Dell’importanza di questa spinta dal basso è convinto Marc Luyckx Ghisi, filosofo che è stato membro della Cellula di Prospettiva Europea della Commissione Delors, un gruppo di saggi che avevano il compito di girare il mondo per estrarre le pratiche di vita e i paradigmi più sostenibili per l’ambiente e per la società, e inoltre membro del Gruppo di consiglieri internazionali di Auroville nell’India del Sud.

Per parlare di visione prospettica, Ghisi riprende una definizione di Carine Dartiguepeyrou: “La prospettiva è il potere di emanciparsi diventando l’attore del proprio destino” e per fare questo le organizzazioni devono utilizzare un metodo di analisi olistica, che il filosofo riconosce in particolare nell’esperienza dell’Università di Lille. Afferma infatti che “Michel Saloff-Coste ha costruito il primo Dipartimento di Prospettiva ed è riuscito a integrarlo in maniera armoniosa all’interno dell’Università. Ritengo il loro approccio l’unico, ad oggi, capace di portare a nuovi paradigmi, che possano recuperare un rapporto non verticistico con la natura”. 

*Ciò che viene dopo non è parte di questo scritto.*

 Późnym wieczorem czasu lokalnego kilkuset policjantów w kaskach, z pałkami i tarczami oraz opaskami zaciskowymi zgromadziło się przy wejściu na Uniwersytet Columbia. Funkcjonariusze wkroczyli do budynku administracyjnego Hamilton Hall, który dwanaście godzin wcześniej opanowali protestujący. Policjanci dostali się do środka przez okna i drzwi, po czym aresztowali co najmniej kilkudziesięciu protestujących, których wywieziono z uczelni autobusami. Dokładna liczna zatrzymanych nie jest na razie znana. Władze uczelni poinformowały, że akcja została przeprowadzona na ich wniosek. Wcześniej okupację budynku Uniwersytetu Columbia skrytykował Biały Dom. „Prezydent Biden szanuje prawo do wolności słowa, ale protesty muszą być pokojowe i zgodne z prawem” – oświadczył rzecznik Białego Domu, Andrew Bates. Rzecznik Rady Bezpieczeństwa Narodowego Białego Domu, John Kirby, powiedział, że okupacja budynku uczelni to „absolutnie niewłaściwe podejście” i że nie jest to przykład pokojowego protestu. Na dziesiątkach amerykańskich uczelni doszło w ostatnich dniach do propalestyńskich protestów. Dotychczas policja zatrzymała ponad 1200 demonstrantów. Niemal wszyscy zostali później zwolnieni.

Le distopie tolgono spazio alle utopie, desertificando le immagini di futuro

Ci vorrebbero, secondo alcuni osservatori, più Unità di Previsione Strategica: lo sostiene in particolare Roberto Poli, presidente dell’Associazione Futuristi Italiani, professore di Filosofia della Scienza all’Università di Trento, dove insegna Previsione sociale e coordina il centro di ricerca Social Foresight. Poli è inoltre titolare della Unesco Chair in Anticipatory Systems e membro della World Futures Studies Federation. “C’è una desertificazione delle immagini di futuro, creata anche dalle distopie che hanno tolto spazio alle utopie”, riflette Poli. “Abbiamo oggi strumenti potentissimi che possiamo utilizzare per lavorare con il futuro. L’importante è spezzare la linearità senza togliere valore al passato, rivalutandolo in un circuito passato-futuro-presente”. L’Associazione dei Futuristi Italiani realizza anche laboratori di future literacy cioè di alfabetizzazione di futuro, per le scuole e per le aziende. 

La necessità di creare prospettive e modelli predittivi: come farlo?

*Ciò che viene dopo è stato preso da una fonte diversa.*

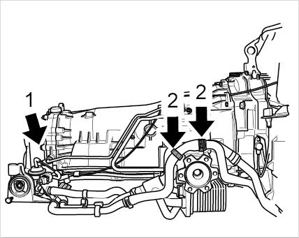 2. Unclip coolant lines from holders -2- on transmission.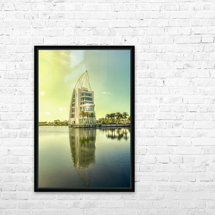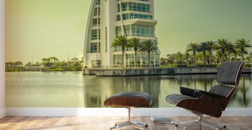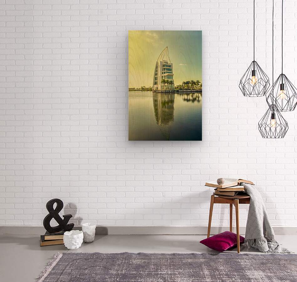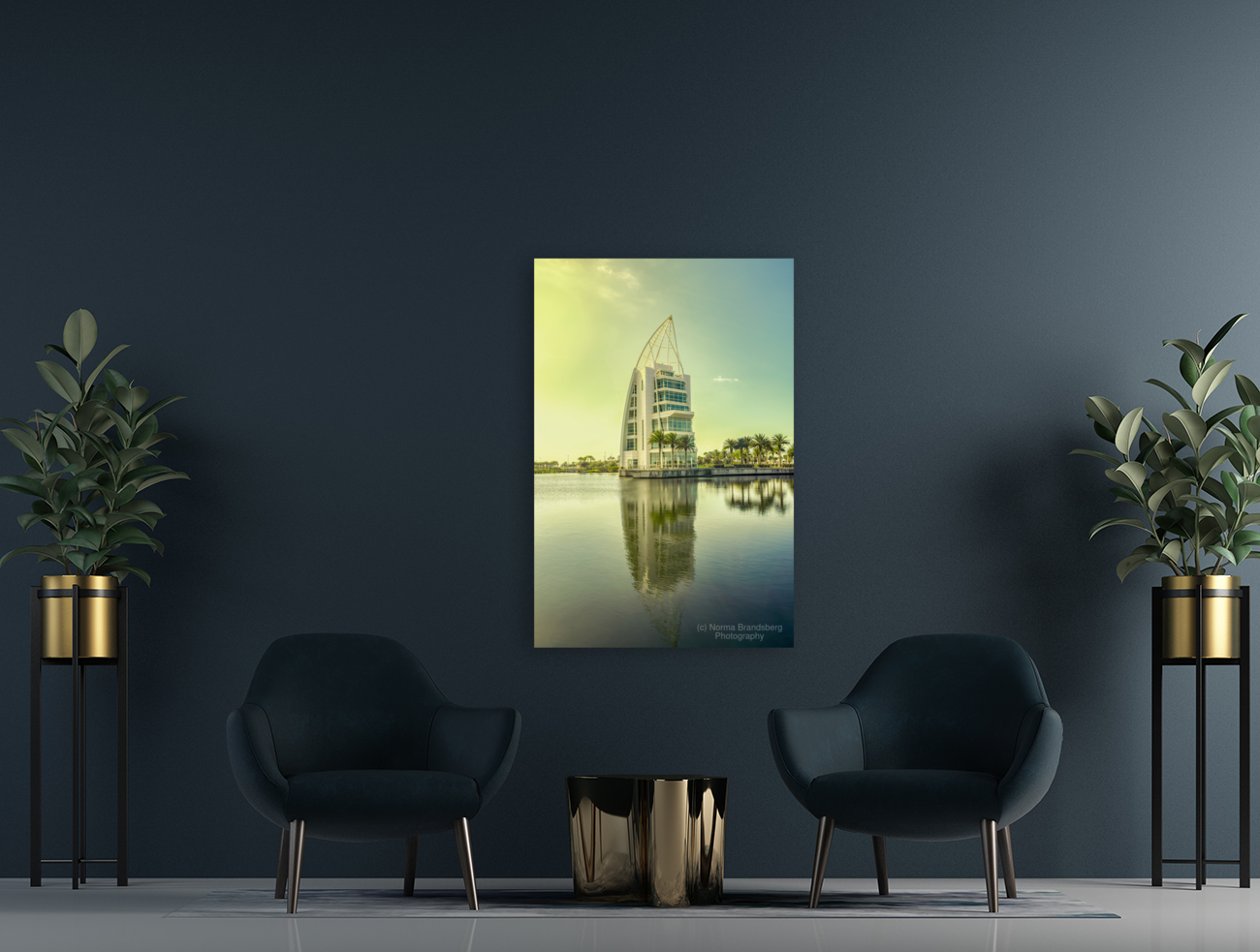 Port Canaveral Exploration Tower Museum viewed in a day reflection pond below in colors of blue, yellow and green in a vertical format. Built in a modern futuristic, abstract design concept, the unique curved architecture is reflected in the calm lake waters. It is a favorite place to view Cape Canaveral Port launches in the area. The clear sky and palm trees add to the serene backdrop, enhancing the pastel architectural beauty of the structure.

Esistono a oggi due grandi schieramenti: chi, come i transumanisti, si ispirano alla Singularity University, che vede nell’AI la porta d’uscita dal problema ambientale e chi invece, come Ghisi, ritiene si stia sbagliando metafisica e che questo condizioni i risultati delle buone aspirazioni, cedendo a un materialismo spinto che non tiene conto di quello che Philippe Guillemant chiama la fisica della coscienza. Definita la necessità di creare (dal micro della vita quotidiana, al macro della politica) prospettive, si avvia allora la discussione sul come farlo.

Il confronto è a volte tra una visione cyberpunk (che oggi ha come derivazione il solar punk) e una basata sulla “causalità futura” riprendendo la tesi di Philippe Guillemant. Bruce Sterling, tra le pagine de La forma del futuro, individua nel 2070 l’orizzonte previsto dalla cybercultura per arrivare a un mondo di Bioti (entità al contempo oggetto e persona). Fino al 2030 saremmo ancora in un’epoca di Utente/Gingillo. Come dice Poli c’è grande differenza tra chi lavora con il futuro e uno scrittore, ed è forse proprio la capacità di rinunciare a scrivere il finale. Sul foglio bianco si alternano chiusure e aperture di possibilità secondo un principio di discontinuità: rivedere il nostro ruolo in questo contesto potrebbe forse fermare il timer dell’estinzione.